In March, Rauss was summoned to the Chancellery and asked to explain himself. Hitler did not give him a chance to speak. After he had dismissed Rauss, Hitler insisted he be relieved of his command. Guderian protested that he was one of the most able Panzer commanders. Hitler said that he could not be trusted because he was a Berliner or an East Prussian. It was then pointed out that Rauss was an Austrian, like Hitler himself. Even so he was relieved of his post and replaced by von Manteuffel.
Himmler's Army Group Vistula did little to halt the Russian advance and Guderian eventually suggested that Himmler be replaced. On 20 March, Hitler agreed.
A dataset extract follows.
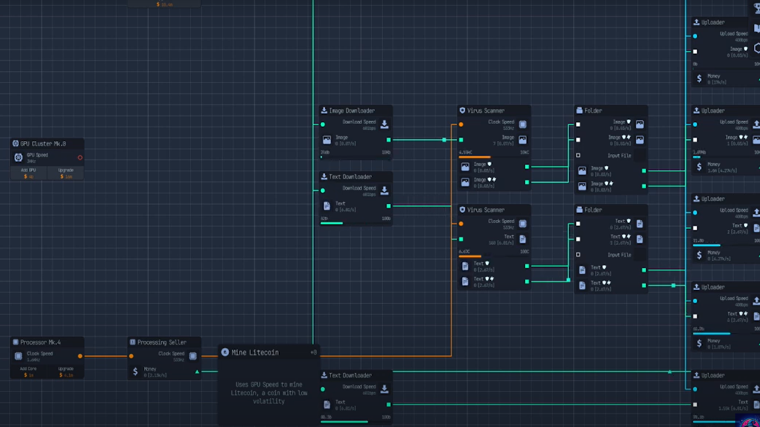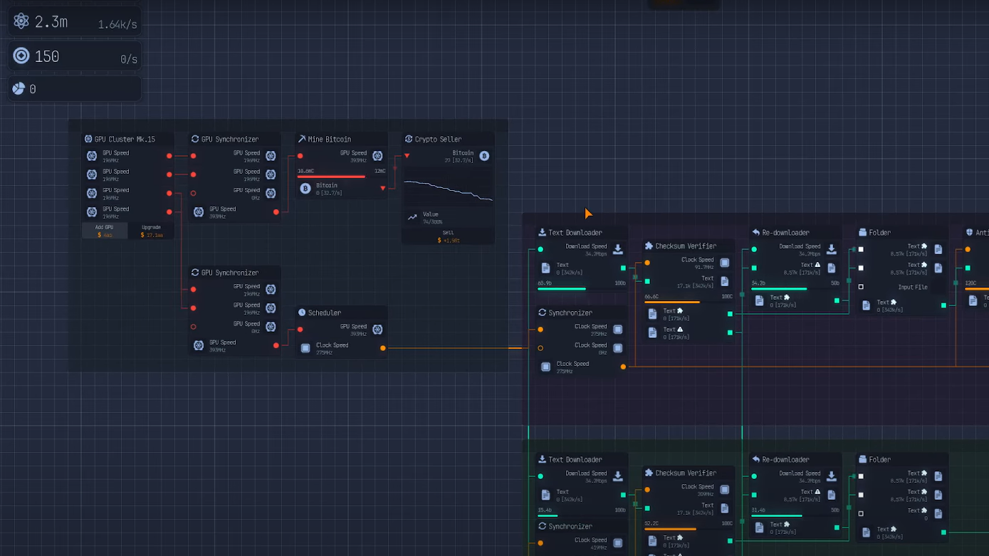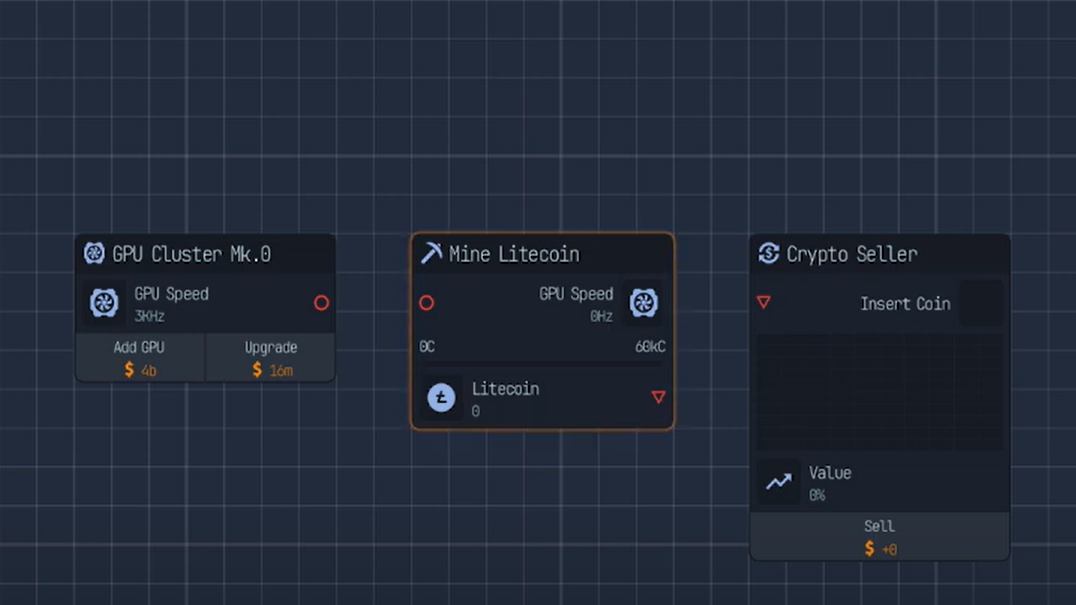 Crypto unlocks when you add a GPU Node (the one with the fan icon). From there, you’re building a simple chain: GPU power feeds a Miner, and the Miner’s output feeds a Crypto Seller that turns coins into cash.

He was replaced by a veteran military man, Colonel-General Gotthard Heinrici, who was currently commanding the First Panzer Army in the Carpathians. Under his command was the Third Panzer Army under von Manteuffel.
Guderian continued to come up with suggestions of how the Russian advance could at least be slowed. But after one final falling-out with Hitler, he was ordered to take convalescent leave of six weeks. He left Berlin on 28 March intending to go to a hunting lodge near Oberhof in the Thuringian Mountains, but the rapid advance of the Americans made this impossible. Instead he decided to go to the Ehenhausen sanatorium near Munich for treatment of his heart condition. Warned that he might invite the attentions of the Gestapo, Guderian arranged to be guarded by two members of the Field Police.